Lorsqu'il existe, pour le même site, une commission locale d'information pour une installation nucléaire de base et une commission d'information pour une installation nucléaire de base secrète, ces deux commissions s'échangent toutes informations utiles et peuvent se réunir en formation commune.
Art. 5. - Les commissions d'information sont présidées par les préfets de département ou des personnalités qualifiées nommées par eux. Outre les représentants des services de l'Etat intéressés, elles comprennent des représentants :
1o Des intérêts économiques et sociaux, des associations agréées de protection de l'environnement et, sur leur demande, des collectivités territoriales ;
2o Du ministre de la défense pour les installations et activités relevant de son autorité ou des exploitants dans les autres cas.
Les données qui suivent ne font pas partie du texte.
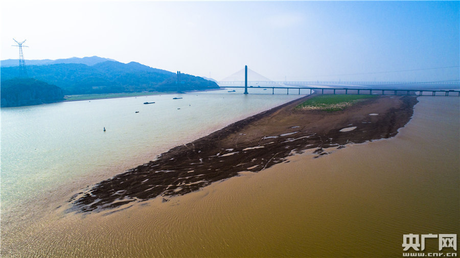 10月10日,鄱陽湖口,往日被湖水淹沒的灘涂大面積顯露出來。(央廣網(wǎng)發(fā) 通訊員李學(xué)華攝)

Les représentants du ministre de la défense ou de l'exploitant, selon les cas, transmettent à ces commissions un bilan annuel de la sûreté nucléaire du site, des risques d'origine radiologique et des rejets produits par l'installation, ainsi que des mesures prises pour en réduire les impacts.
Art. 6. - I. - Le classement en installation nucléaire de base secrète est décidé par le Premier ministre sur proposition du ministre de la défense ou du ministre chargé de l'industrie pour leurs installations respectives.
Ce classement est prononcé lorsqu'une au moins des installations comprises dans le périmètre, ci-après dénommée installation individuelle, présente les caractéristiques techniques définies par l'article 2 du décret du 11 décembre 1963 susvisé, intéresse la défense nationale et justifie d'une protection particulière contre la prolifération nucléaire, la malveillance ou la divulgation d'informations classifiées. Il est proposé par le ministre de la défense pour les installations nucléaires de base secrètes affectées à son département et par le ministre chargé de l'industrie pour les autres installations nucléaires de base secrètes.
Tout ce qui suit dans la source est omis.